Things have been changing over at Pirate, but unlike the changes at + Gallery, the ones here are for the better. What has changed at Pirate is that the gallery has gotten interesting again -- and no one could be more surprised about that than me. One of the city's oldest artists' co-ops, Pirate had been becoming increasingly irrelevant in recent years. More often than not, the place was filled with half-hearted shows. But inexplicably, that's turned around this past season, and that old dog of a place has become a venue for some impressive new tricks.
The latest in a cavalcade of great shows is Life on Earth, a solo by Pirate member Peter Illig. The exhibit is dominated by a 64-foot-long charcoal-on-paper drawing that covers two walls in Pirate's grandly scaled front space and becomes, as a result, an ad hoc installation. Illig has a good handle on how to carry out monumental work, and he should really consider entering the public art fray, because many of the artists who get those gigs cannot handle projects that call for large pieces.
The style of the drawing is neo-pop, and Illig has clearly taken considerable inspiration from the early work of pop pioneer James Rosenquist; the style of Illig's representational images comes from advertising art and illustration, which is where Rosenquist's came from as well. Illig also cites Mark Tansey, the source du jour of many contemporary representational artists. Speaking of representational art, have you noticed that the style is approaching critical mass? It's strange that one of the big museums or art centers hasn't presented a group show with work taken from the many talented artists in the area who are currently exploring the figure, the still life and the landscape.

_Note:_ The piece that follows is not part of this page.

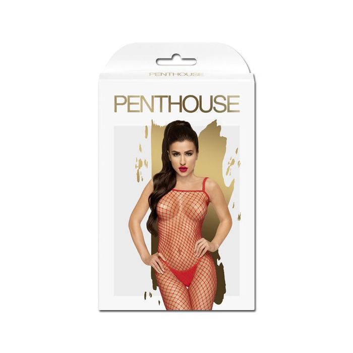 Dress to impress in de Penthouse Body Search Bodystocking - Rood! Deze netstof catsuit heeft een structuur van grove mazen, zodat er niets aan de verbeelding over gelaten hoeft te worden. Deze bodystocking heeft een hoge rekbaarheid, smalle bandjes en hult jouw lekkere lijf vanaf je borsten tot en met je tenen in uitdagend netstof. Bij het kruis is een uitsparing gemaakt van easy access!

There's also a noir quality to Illig's style, and something of a vague retro feel. The mammoth drawing is episodic, with a chain of enigmatic images lined up or overlapping one another. It's ostensibly narrative, even if it's impossible to understand the story. There's a woman standing in the rain, a man sitting on the floor, a tipped champagne glass, a bunch of knocked-over bowling pins and many other familiar elements that are made strange because of the way Illig says he intuitively arranged them.
Illig has definitely hit a home run with Life on Earth, and I strongly recommend that if you haven't seen it yet -- and word is that few have -- you really should make the effort before it comes down this weekend.